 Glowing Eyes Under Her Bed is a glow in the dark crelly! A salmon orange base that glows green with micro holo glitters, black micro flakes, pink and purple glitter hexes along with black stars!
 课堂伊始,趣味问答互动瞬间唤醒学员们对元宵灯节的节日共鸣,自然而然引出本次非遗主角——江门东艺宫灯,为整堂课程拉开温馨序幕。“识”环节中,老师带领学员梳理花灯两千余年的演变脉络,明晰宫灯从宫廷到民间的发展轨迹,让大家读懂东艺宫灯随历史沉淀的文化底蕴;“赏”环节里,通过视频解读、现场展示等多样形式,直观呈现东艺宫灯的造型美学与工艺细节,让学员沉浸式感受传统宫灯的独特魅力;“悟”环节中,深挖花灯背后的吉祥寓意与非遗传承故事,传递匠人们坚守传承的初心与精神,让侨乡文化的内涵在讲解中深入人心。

★ ★ ★ ★ ★ ★ ★

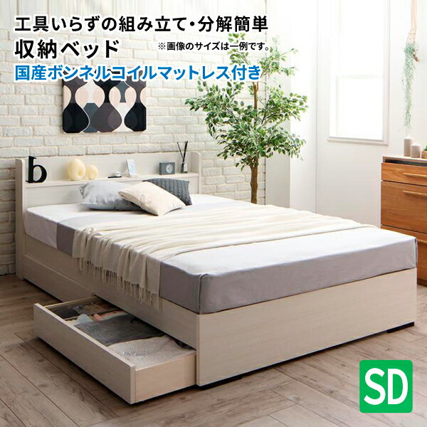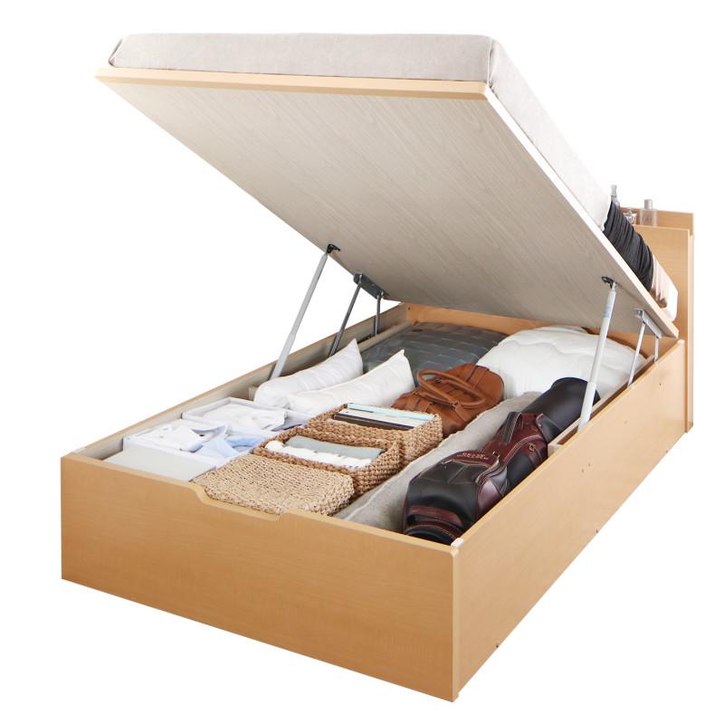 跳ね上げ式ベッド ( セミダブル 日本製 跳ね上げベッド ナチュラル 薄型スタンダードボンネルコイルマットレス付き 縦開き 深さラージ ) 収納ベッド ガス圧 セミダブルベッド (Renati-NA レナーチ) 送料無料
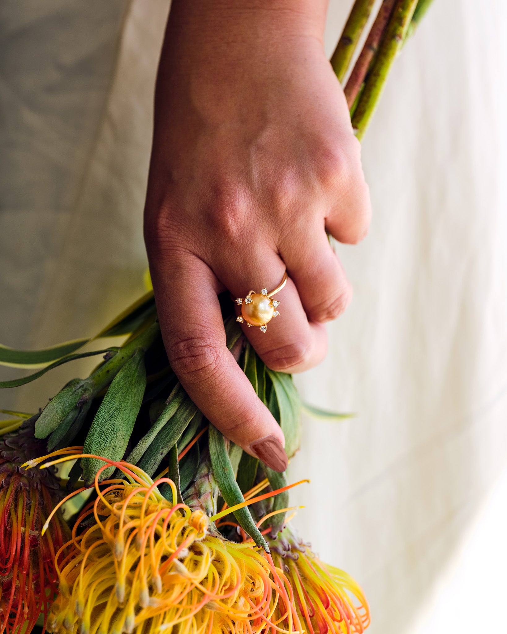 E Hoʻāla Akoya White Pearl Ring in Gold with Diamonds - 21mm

★ ★ ★ ★ ★ ★ ★

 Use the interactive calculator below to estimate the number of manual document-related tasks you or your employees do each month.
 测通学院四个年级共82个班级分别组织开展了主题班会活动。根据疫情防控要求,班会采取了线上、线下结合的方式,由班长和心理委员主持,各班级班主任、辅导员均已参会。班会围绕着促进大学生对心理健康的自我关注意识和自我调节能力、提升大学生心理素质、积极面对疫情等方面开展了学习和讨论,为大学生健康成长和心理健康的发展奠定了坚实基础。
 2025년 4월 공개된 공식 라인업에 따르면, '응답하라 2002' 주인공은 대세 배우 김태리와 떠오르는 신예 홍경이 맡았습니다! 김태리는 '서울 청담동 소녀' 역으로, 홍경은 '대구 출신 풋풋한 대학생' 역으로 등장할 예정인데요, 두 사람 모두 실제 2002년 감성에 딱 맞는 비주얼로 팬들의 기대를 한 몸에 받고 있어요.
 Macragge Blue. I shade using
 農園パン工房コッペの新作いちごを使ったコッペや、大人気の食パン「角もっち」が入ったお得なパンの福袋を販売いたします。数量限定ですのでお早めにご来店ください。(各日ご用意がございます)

★ ★ ★ ★ ★ ★ ★

◆ What to work on
In the entries above, one line contains "Use the interactive" and another contains "農園パン工房コッペの新作いち". Reproduce exactly those two lines and the lines between them, nothing else.

◆ Response to the exercise
 Use the interactive calculator below to estimate the number of manual document-related tasks you or your employees do each month.
 测通学院四个年级共82个班级分别组织开展了主题班会活动。根据疫情防控要求,班会采取了线上、线下结合的方式,由班长和心理委员主持,各班级班主任、辅导员均已参会。班会围绕着促进大学生对心理健康的自我关注意识和自我调节能力、提升大学生心理素质、积极面对疫情等方面开展了学习和讨论,为大学生健康成长和心理健康的发展奠定了坚实基础。
 2025년 4월 공개된 공식 라인업에 따르면, '응답하라 2002' 주인공은 대세 배우 김태리와 떠오르는 신예 홍경이 맡았습니다! 김태리는 '서울 청담동 소녀' 역으로, 홍경은 '대구 출신 풋풋한 대학생' 역으로 등장할 예정인데요, 두 사람 모두 실제 2002년 감성에 딱 맞는 비주얼로 팬들의 기대를 한 몸에 받고 있어요.
 Macragge Blue. I shade using
 農園パン工房コッペの新作いちごを使ったコッペや、大人気の食パン「角もっち」が入ったお得なパンの福袋を販売いたします。数量限定ですのでお早めにご来店ください。(各日ご用意がございます)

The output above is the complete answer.